Sentinel node mapping in endometrial cancer
Editorial Commentary

Sentinel node mapping in endometrial cancer

Giorgio Bogani, Antonino Ditto, Valentina Chiappa, Francesco Raspagliesi

Department of Gynecologic Oncology, IRCCS National Cancer Institute, Milan, Italy

Correspondence to: Giorgio Bogani, MD, PhD. Gynecologic Oncology Unit, National Cancer Institute, Via Venezian 1, 20133 Milan, Italy. Email: giorgio.bogani@istitutotumori.mi.it.

Provenance: This is an invited article commissioned by the Guest Section Editor Hengwei Liu, MD, PhD (Department of Obstetrics and Gynecology, Union Hospital, Tongji Medical College, Huazhong University of Science and Technology, Wuhan, China).

Comment on: Farazestanian M, Yousefi Z, Zarifmahmoudi L, et al. Concordance Between Intracervical and Fundal Injections for Sentinel Node Mapping in Patients With Endometrial Cancer?: A Study Using Intracervical Radiotracer and Fundal Blue Dye Injections. Clin Nucl Med 2019;44:e123-e127.

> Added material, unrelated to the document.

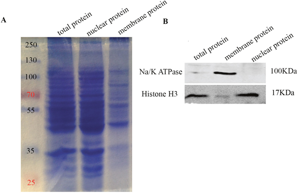 Figure 1: Western blot analysis of membrane proteins purification. (A) Coomassie Brilliant Blue stained SDS-PAGE gel showing molecular weight marker (lane1), total C6 cellular protein (lane2), nuclear protein fraction (lane3) and purified membrane protein fraction (lane4). 30 μg protein was loaded in lanes 2-4. As shown, membrane fraction has fewer number of proteins compared to the nuclear fraction and total cellular protein. Molecular weight marker shows 250, 130, 100, 70, 55, 35, and 25kDa bands. (B) Western-blot analysis shows Na+/K+ ATPase (100 kDa membrane protein) and histone H3 (17 kDa nuclear protein) in total C6 cellular protein (lane1), nuclear protein fraction (lane2) and purified membrane protein fraction (lane3). As shown, Na+/K+ ATPase is enriched in the membrane fraction, whereas histone H3 is enriched in the nuclear fraction.

Submitted Apr 07, 2019. Accepted for publication Apr 29, 2019.

doi: 10.21037/tcr.2019.04.23


Sentinel node mapping in endometrial cancer staging has gained popularity among gynecologic oncology community. Although endometrial cancer represents the most common gynecological malignancy in developed countries several features of its management are still objects of debates. In particular the role of lymphadenectomy is still unclear (1). Accumulating data underlined that sentinel node mapping is not inferior to conventional lymphadenectomy (2,3). However, sentinel node mapping seems to be superior to conventional lymphadenectomy. The adoption sentinel node mapping instead of lymphadenectomy reduces the risk of developing surgery-related morbidity. Moreover, sentinel node mapping allows detecting patients with low volume disease (i.e., micrometastases and isolated tumor cells) otherwise missing without pathological ultrastaging. Recent data underlined that low volume disease not identifiable with conventional lymphadenectomy accounts for 30% of all node positive endometrial cancer (4).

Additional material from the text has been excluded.